## [What is expected]
Nothing beyond the line containing "Worker in the" is to be printed; print exactly each line from the start of the records below through that line, leaving out pictures.

"""

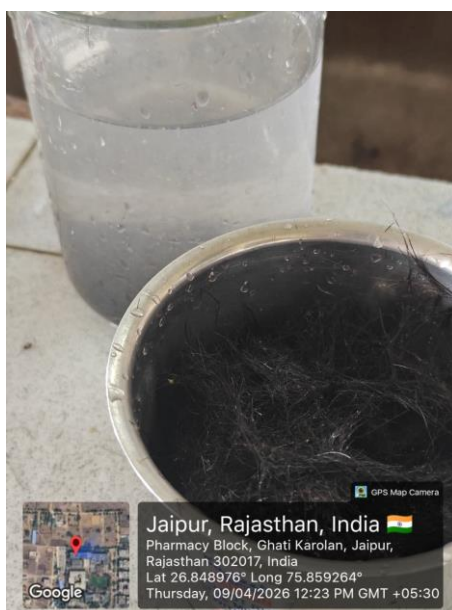
Figure No. 2: Keratin extraction from human hair.
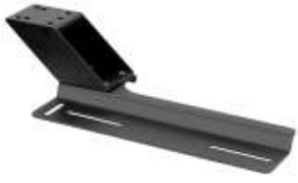
RAM-VB-106R4 VEHICLE BASE FOR THE DODGE SPRINTER VAN
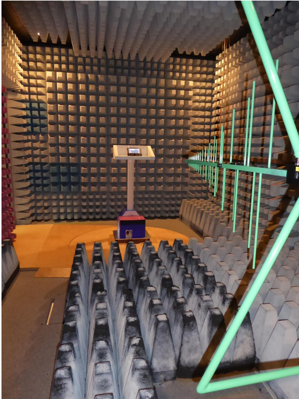
Preliminary Measurement FAR 30 MHz – 1 GHz
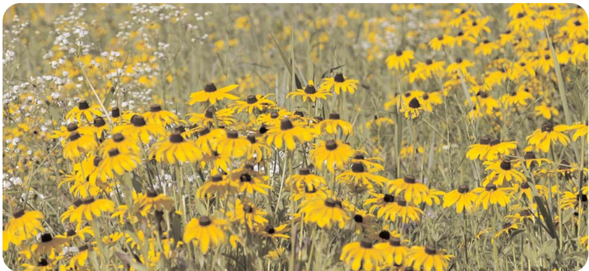
Black-eyed Susans bloom in Eagle Centre Prairie
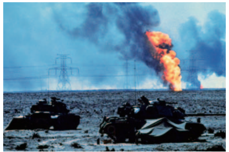
The Gulf War (January 1991)

Because this religious edict made terrorism against US interests a religious obligation, it is seen in effect as a declaration of war against the United States.
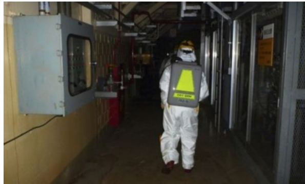
Worker in the early days of the Fukushima accident

In the years since the advent of the Heisei period (1989), Japan has experienced numerous crises, ranging from political, financial, and social turmoil to natural disasters, as if inheriting the turbulence of the previous eventful and painful Showa history (1926-89). In the face of calamity, however, the Japanese people have always impressed the world with their extreme resilience and what is often referred to as their "stoicism." It has been generally suggested that the Japanese people are impressively responsive to disasters, given their all too frequent experience of calamity in an island country located on the Pacific "rim of fire."
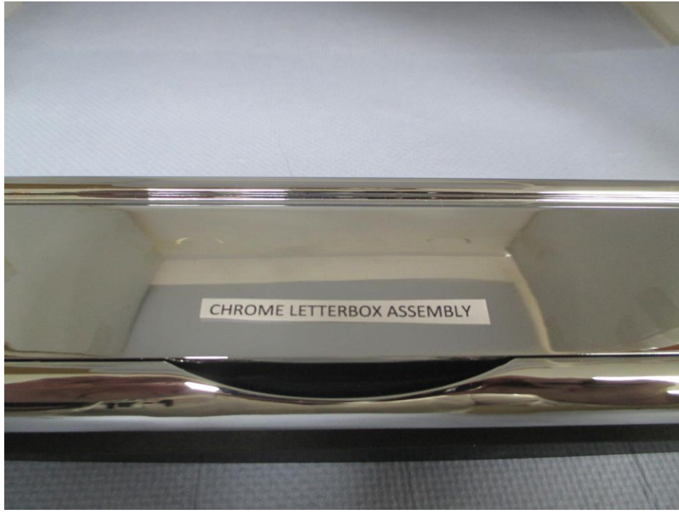
Photograph showing the condition of the Chrome Letterbox Assembly prior to Salt Spray Test
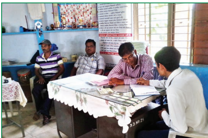
School visits to get more facts
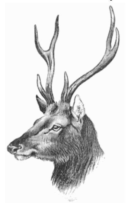
The Celebes variety of the Sambar (Cervus moluccensis).

For a few days after leaving the village Ram's habit was to send forth every morning, as preliminary to the day's hunting, twenty or twenty-five Karens to scour the country for tracks; but they made so much noise I insisted the practice be abandoned, and that the Karens remain in camp well
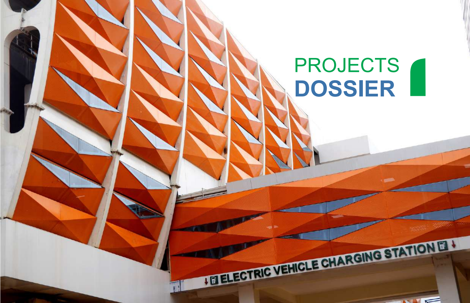
AIRPORT METRO STATION, NAGPUR
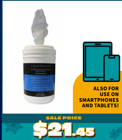
Screen Cleaning Wipes (100 Per Canister)
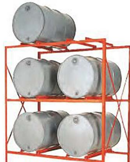
DR6-3H 6 DRUM RACK
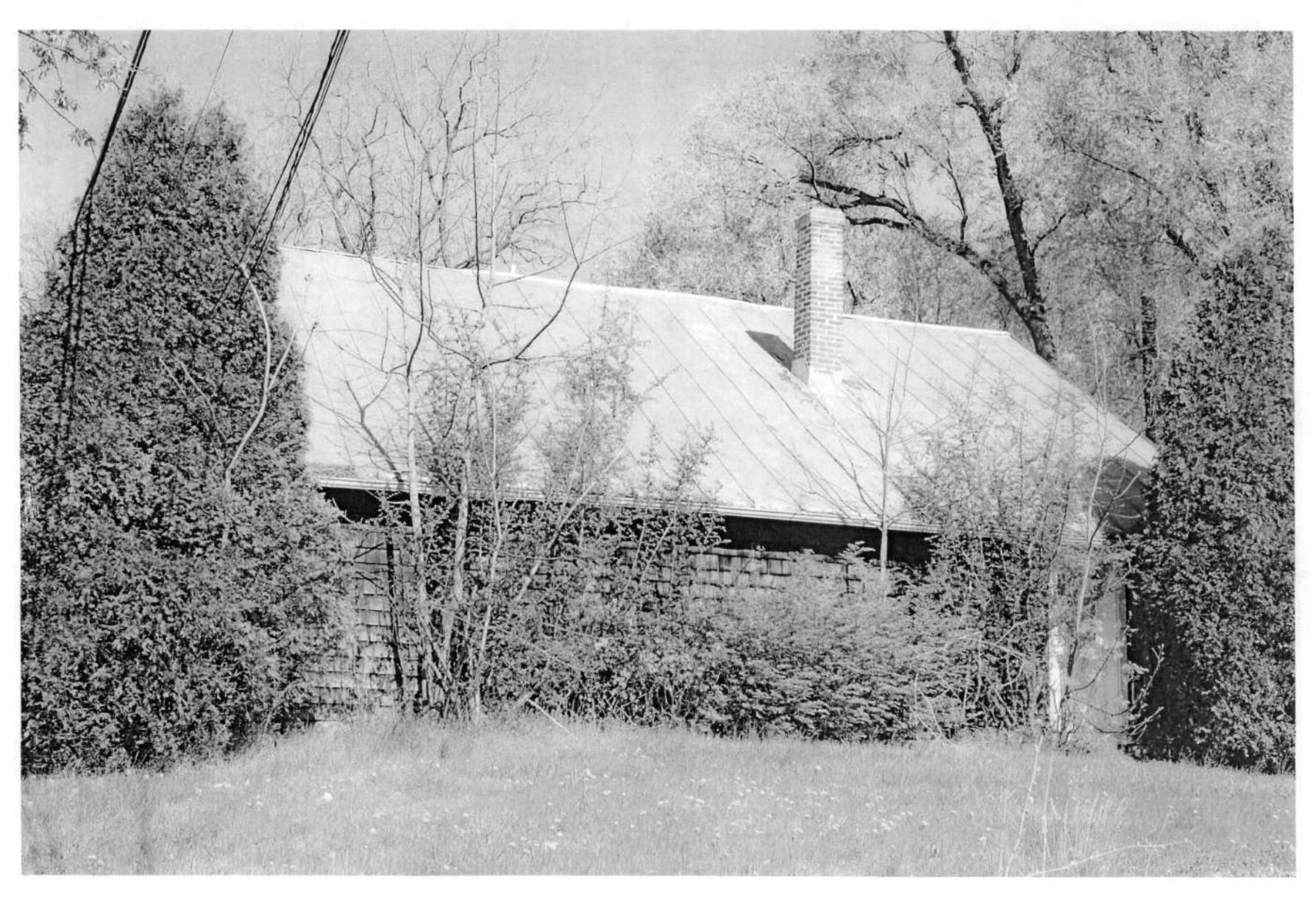
HO-925 Brown's Store and Post Office 14041 Triadelphia Road West elevation Ken Short, April 2006 3/3
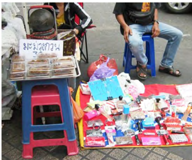
Figure 6: Illegal vending is characterized by designs that are easily and quickly packed and put away. This type of street vending is called bair ga din in Thai. Bair means “to spread,” ga is the colloquial form for “and”, and din means “ground”.

There have been both positive and negative developments associated with attempts to “balance” the policies regarding the environment of the city and poverty alleviation. On the positive side, cleaning fees were reduced from 150 to 100 baht per square metre.
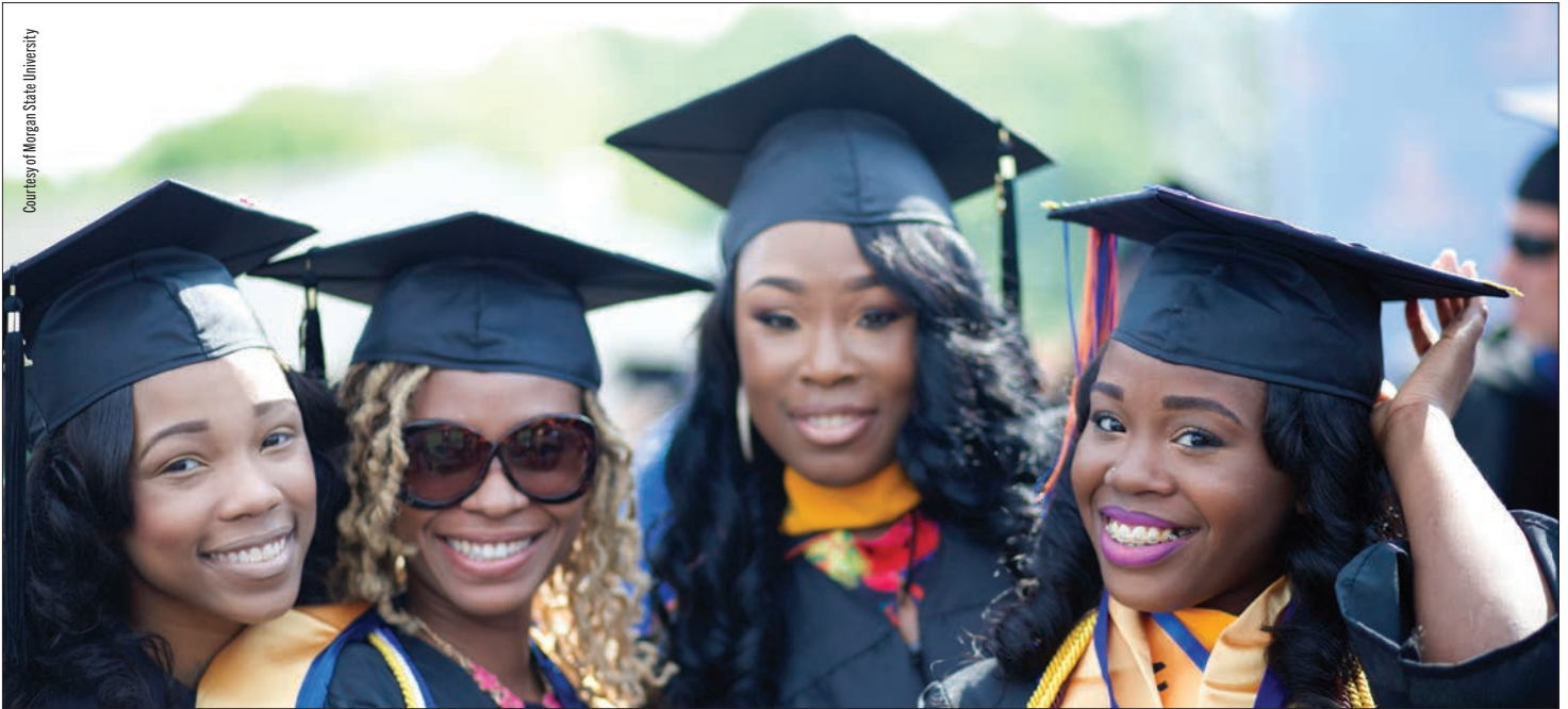
INDEPENDENT LENS Tell Them We Are Rising: The Story of Black Colleges & Universities Monday, February 19, 9:00 pm Recent graduates of Morgan State University, Maryland.

living beneath the waves into a reality as a team in Dubai attempts to construct a floating house combining the best of land and marine design. Will they achieve the impossible?
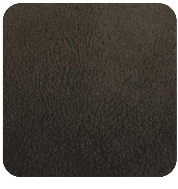
ANCONA - 919
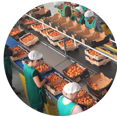
Upper central conveyor with side trays
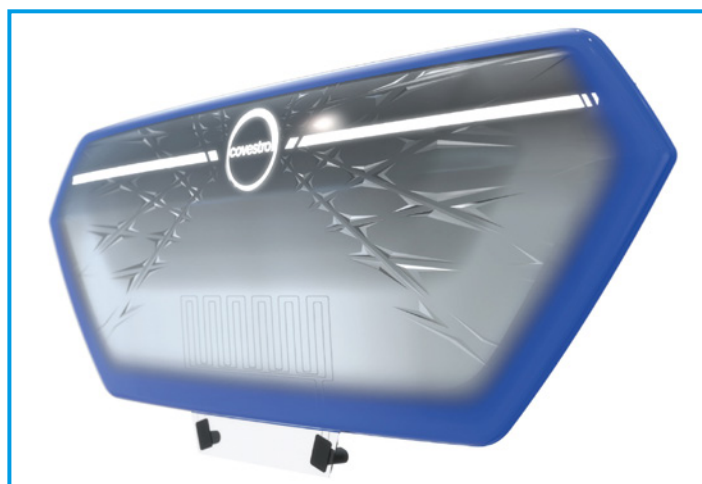
Frontend grille concept showcasing function and design integration through Film Insert Molding (FIM) technology – presented by Covestro at K'22 fair.

Sensors like RADAR, LiDAR, IR, or VIS cameras are vital for autonomous driving. Achieving high surface qualities, material purity, and component precision are crucial for ensuring the long-term functionality of these sensors. On the outer surfaces, scratch-resistant coatings are necessary to ensure that sensor signals can pass through the cover undisturbed, even after years of use.
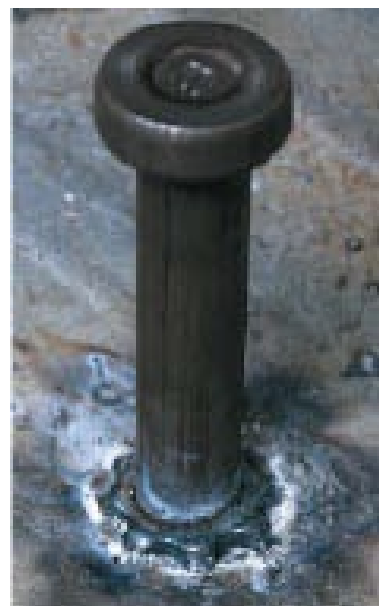
Figure 2. Example of 360° flash
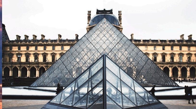
Louvre Museum Paris, France
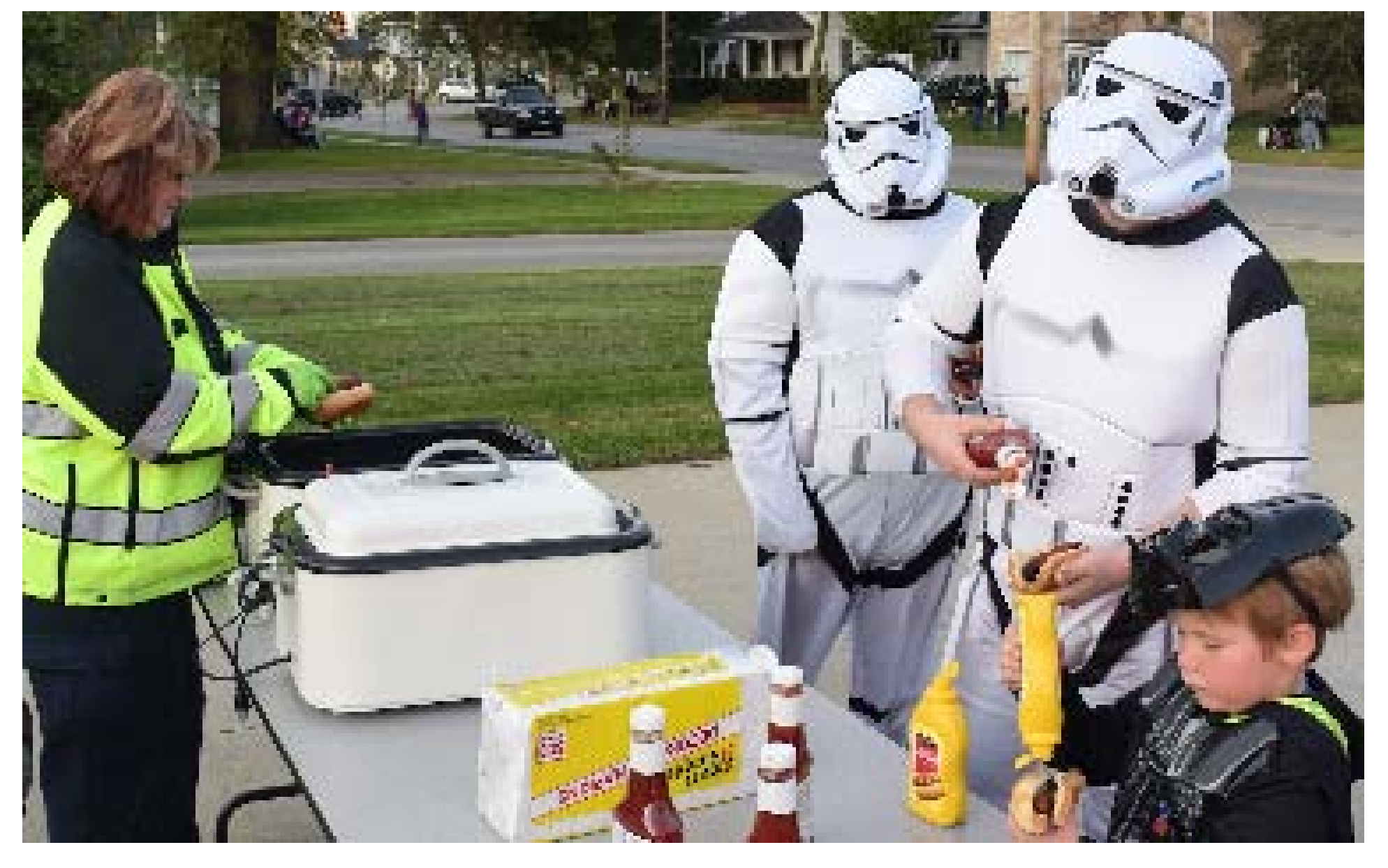
Free hotdogs at the fire station no matter what planet you are from.
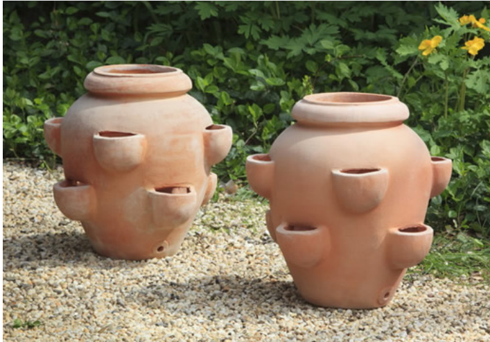
Shown in Terra Cotta
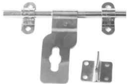
GATE LATCH (DELUX)
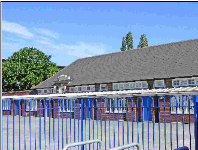
AMR Teaching Block
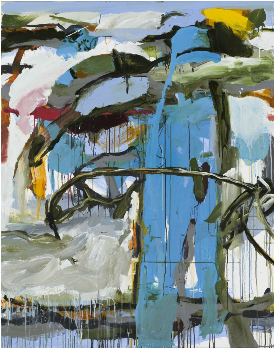
Transition 2018 Acrylic on linen 153 x 122.5cm
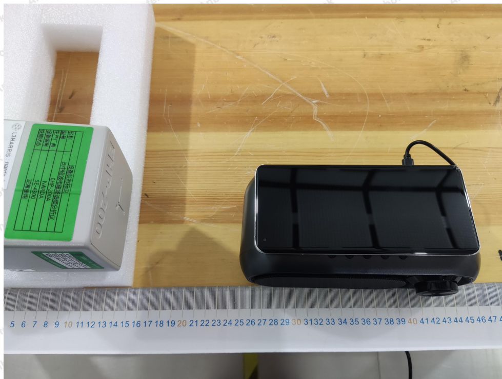
Photo of MPE Measurement
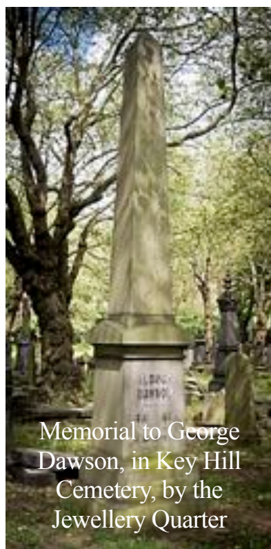
Memorial to George Dawson, in Key Hill Cemetery, by the Jewellery Quarter

Inspired by his non-conformist beliefs the preacher George Dawson declared “A town is a solemn organism through
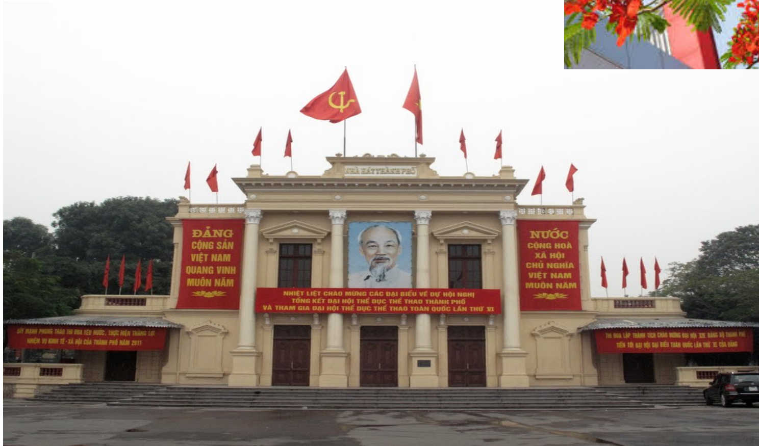
The City hall

"""

## [Result of the task]
Figure No. 2: Keratin extraction from human hair.
RAM-VB-106R4 VEHICLE BASE FOR THE DODGE SPRINTER VAN
Preliminary Measurement FAR 30 MHz – 1 GHz
Black-eyed Susans bloom in Eagle Centre Prairie
The Gulf War (January 1991)

Because this religious edict made terrorism against US interests a religious obligation, it is seen in effect as a declaration of war against the United States.
Worker in the early days of the Fukushima accident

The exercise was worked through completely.